== Supplied records ==
[Start of section]

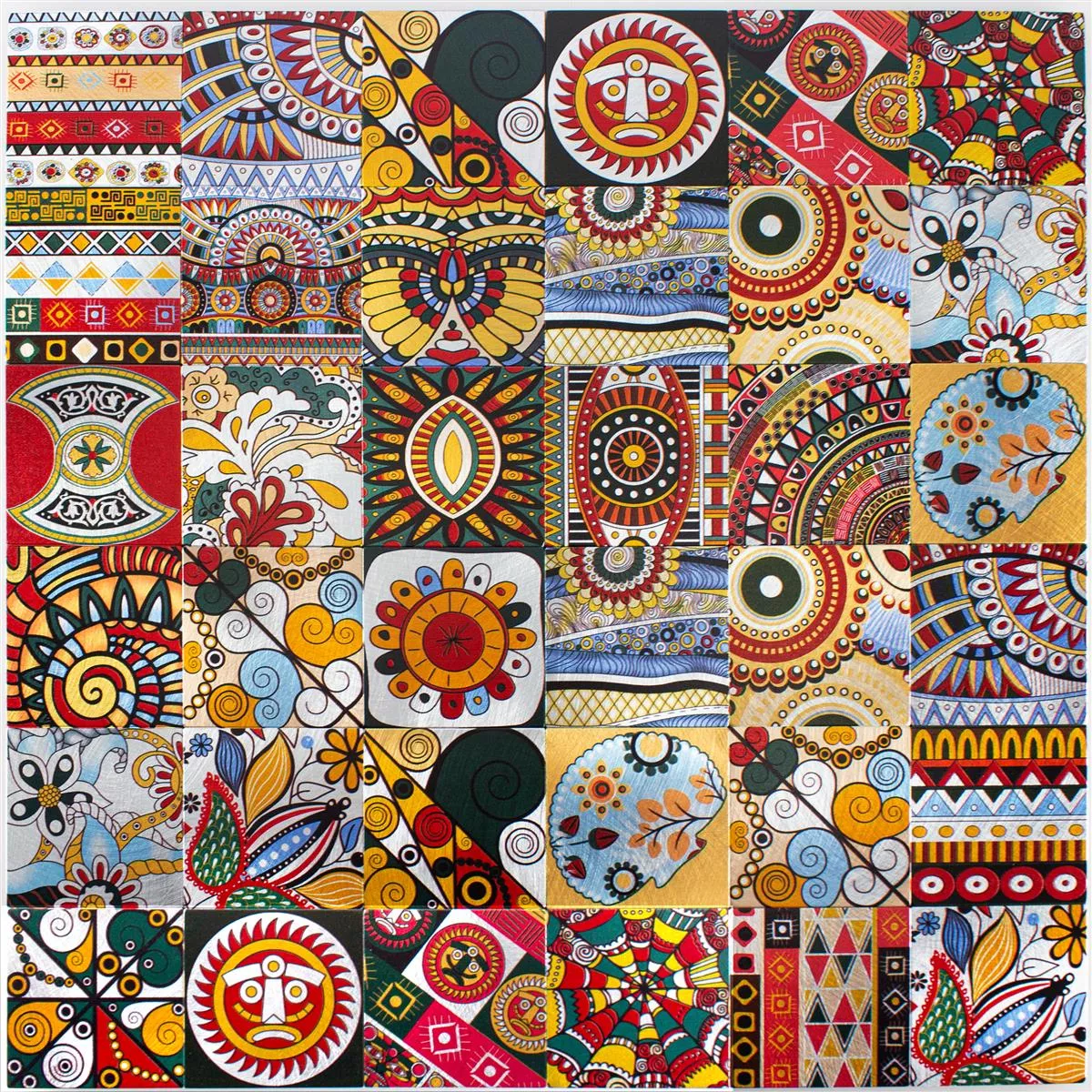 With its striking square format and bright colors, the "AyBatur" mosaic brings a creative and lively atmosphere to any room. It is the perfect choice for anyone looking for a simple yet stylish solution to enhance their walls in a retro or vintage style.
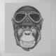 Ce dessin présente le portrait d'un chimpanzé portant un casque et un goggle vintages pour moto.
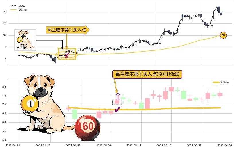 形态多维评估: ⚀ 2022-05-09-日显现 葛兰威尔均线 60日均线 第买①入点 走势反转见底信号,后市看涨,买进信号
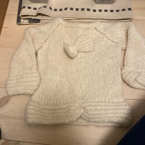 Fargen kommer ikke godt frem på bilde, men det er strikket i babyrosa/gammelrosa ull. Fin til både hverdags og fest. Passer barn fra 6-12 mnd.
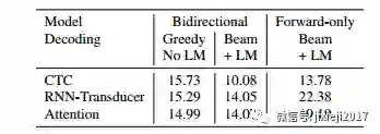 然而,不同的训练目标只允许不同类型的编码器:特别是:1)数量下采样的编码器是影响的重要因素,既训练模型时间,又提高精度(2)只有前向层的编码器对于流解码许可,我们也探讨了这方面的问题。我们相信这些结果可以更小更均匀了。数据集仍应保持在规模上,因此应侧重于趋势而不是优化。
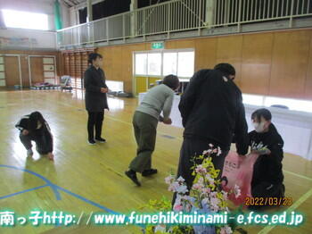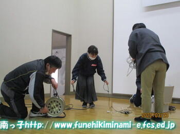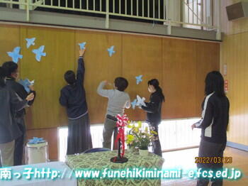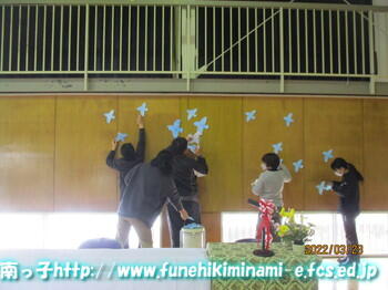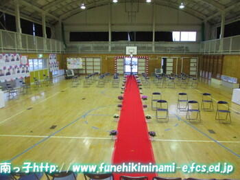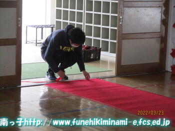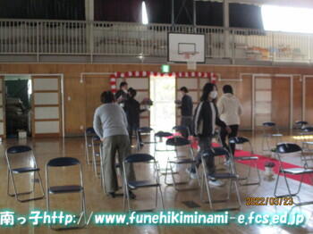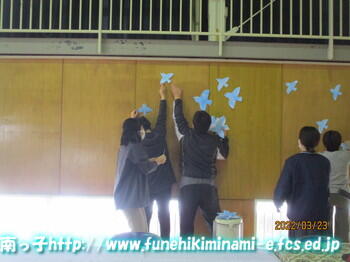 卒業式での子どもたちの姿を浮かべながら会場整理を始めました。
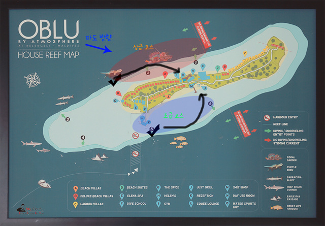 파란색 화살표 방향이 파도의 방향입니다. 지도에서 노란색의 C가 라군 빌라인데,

[End of section]

== Work required ==
Write out the records once more, exactly as they stand, with no images.

== Reply to the task ==
 With its striking square format and bright colors, the "AyBatur" mosaic brings a creative and lively atmosphere to any room. It is the perfect choice for anyone looking for a simple yet stylish solution to enhance their walls in a retro or vintage style.
 Ce dessin présente le portrait d'un chimpanzé portant un casque et un goggle vintages pour moto.
 形态多维评估: ⚀ 2022-05-09-日显现 葛兰威尔均线 60日均线 第买①入点 走势反转见底信号,后市看涨,买进信号
 Fargen kommer ikke godt frem på bilde, men det er strikket i babyrosa/gammelrosa ull. Fin til både hverdags og fest. Passer barn fra 6-12 mnd.
 然而,不同的训练目标只允许不同类型的编码器:特别是:1)数量下采样的编码器是影响的重要因素,既训练模型时间,又提高精度(2)只有前向层的编码器对于流解码许可,我们也探讨了这方面的问题。我们相信这些结果可以更小更均匀了。数据集仍应保持在规模上,因此应侧重于趋势而不是优化。
 卒業式での子どもたちの姿を浮かべながら会場整理を始めました。
 파란색 화살표 방향이 파도의 방향입니다. 지도에서 노란색의 C가 라군 빌라인데,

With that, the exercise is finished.